12. Backing up and restoring the database.
13. Contacting Oracle Corporation for technical support

The revised list:

1. Installing and upgrading Oracle server and application tools.
2. Allocating system storage and planning future storage requirements for the database.
3. Creating primary database storage structures once developers have designed an application.
4. Creating primary database objects (tables, views, indexes) once the application designers have designed an application.
5. Modifying the database structure as necessary, from information given by application developers.
6. Enrolling users and maintaining system security.
7. Ensuring compliance with Oracle licensing agreements.
8. Controlling and monitoring user access to the database.
9. Planning for backup and recovery of database information.
10. Maintaining archived data on appropriate storage devices.
11. Contacting Oracle Corporation for technical support.
12. Management of object related features.
13. Determination of LOB storage options.
14. Assistance with RAID configuration.
15. Determination of proper index strategy (normal, reverse, IOT, bitmapped)
16. Education of Developers in Oracle features and their use.
17. Management of distributed environments.
19. Management of parallel server and parallel query.
20. Determine and manage partitions and sub-partitions.
21. Determine proper use of outlines and SQL profiles
22. Create, manage and maintain resource groups,
23. Create manage and maintain global temporary tables.
24. Create and manage materialized views, summaries and snapshots.
25. Monitoring and managing the automatic and dynamic sizing parameters.
26. Monitoring and managing the automated UNDO (it isn’t set and forget)
27. Monitoring and tuning RAC environments, especially the cluster interconnect.
28. Manage and maintain fine grained auditing (HIPPA/SOX requirements)
29. Manage and maintain row level security28. Manage and maintain fine grained access controls.
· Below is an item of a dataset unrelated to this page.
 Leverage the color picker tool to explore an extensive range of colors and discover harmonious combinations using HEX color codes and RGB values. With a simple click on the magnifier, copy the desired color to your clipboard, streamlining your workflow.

Add to the above: Monitor and maintain application servers, web servers, connection managers, LDAP and other servers as well as the entire client to database environment in many shops the DBA does it all.
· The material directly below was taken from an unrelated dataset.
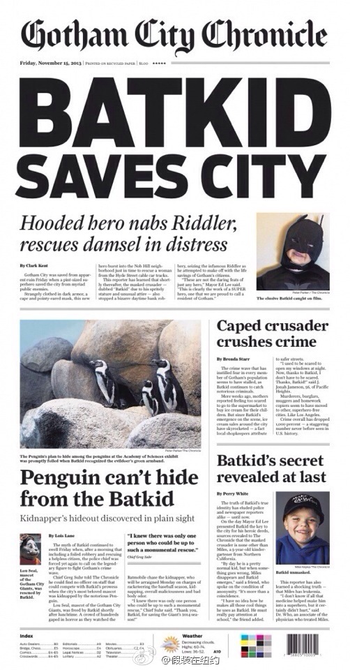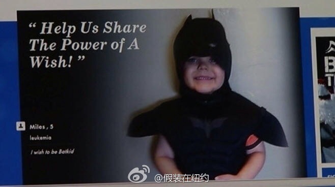 整个旧金山为5岁白血病男孩圆梦 为了帮患白血病的5岁男孩Miles实现做蝙蝠侠拯救世界的梦想,今天旧金山变成了哥谭市,上万志愿者配合出演,蝙蝠侠Miles坐着警方护送的兰博基尼穿越城市,完成英雄救美、勇抓劫匪、救吉祥物等任务,最后受到华裔市长李孟贤的表彰。倾尽全城之力帮一个孩子圆梦,很久没看到过这么温暖的新闻了。 组织者非常有心,还特别制作了一期其实并不存在的“哥谭市纪事报”,头版刊登的全是小蝙蝠侠的英雄事迹。奥巴马也在关注这件事,下午在推特上转发了小蝙蝠侠出场的照片。 相关文章: 哈佛大学图书馆针对不断有中国学生来寻找所谓哈佛馆训 乔治·克鲁尼威武 洛杉矶市议会全票禁止沃尔玛进驻中国城 Anderson Cooper刚刚正式宣布出柜

Now there may be arguments on both sides about some of the above rolling into some of the original listed general categories, but when some commands require multiple pages to just describe (CREATE TABLE for example), let alone show meaningful examples for, well, they need to be broken out as a responsibility.

However, as the features are improved I have no doubt they will automate the complete management of SQL, tables and indexes and tablespaces as well as some memory and tuning parameters. So the DBA will give up on items 12, 13, 24 and 25. Gee, how will the other 25 (26 if you include the final one added above) items fill our time? The death of the DBA has been greatly overstated.
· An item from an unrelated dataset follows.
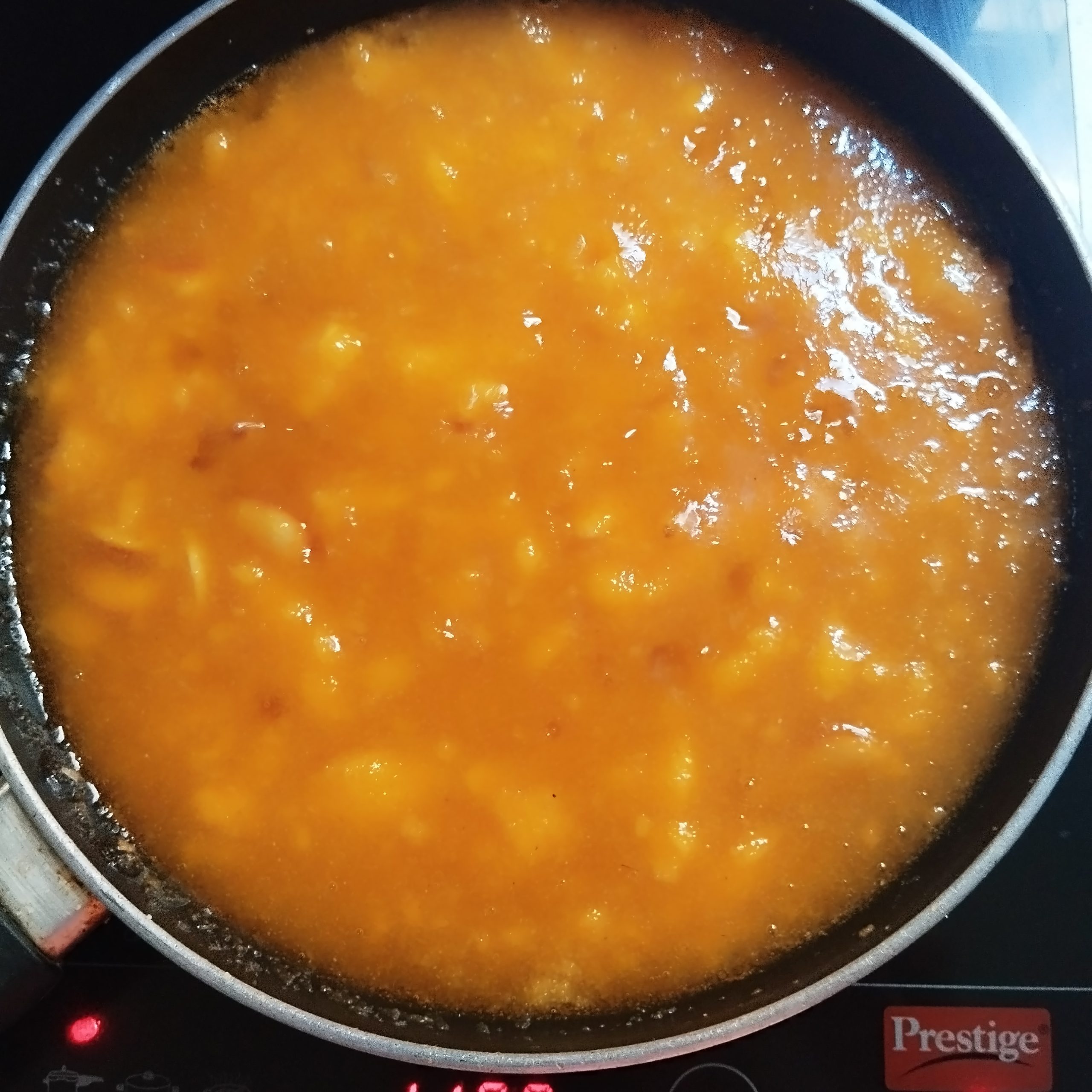 - Add water and allow it to cook. Donot add sugar at this stage.

A case in point. I am involved in producing some roll ups for use in feeding the Oracle Warehouse builder for a 10g DWH project. The roll ups are used to pe-flatten and tune the feeds, tuning is difficult if you use 100% OWB to do the flattening. Anyway during verification that the flattening was being effective I decided to test the Enterprise Manager SQL Tuning Advisor. Before tuning, the particular view being examined required 10 minutes to produce a count of its records, I put the SQL Tuning Advisor onto it and 8 minutes later it came up with its recommendations. I implemented them and then tried the count again. 39 minutes later it came back with the count. It didn't exactly produce the desired performance improvement. To be fair, on the one I ran through before this, it cut a 4 minute run to a 2 minute run on a different view. Could I have done a better job tunng it manually? We shall see (as soon as I figure out how to get the "SQL Profile" it created removed!)

So, needless to say, I feel safe in saying the imminent demise of the DBA though much sought after by Oracle Corporate (I kid you not, I was at a ECO conference and sat through a keynote by a VP of Oracle who obviously didn't realize he was talking to a room full of DBAS, which with great relish described how Oracle was attempting to do away with the job of DBA) is still a long way off. It seems for each job they "take away" they give us three more.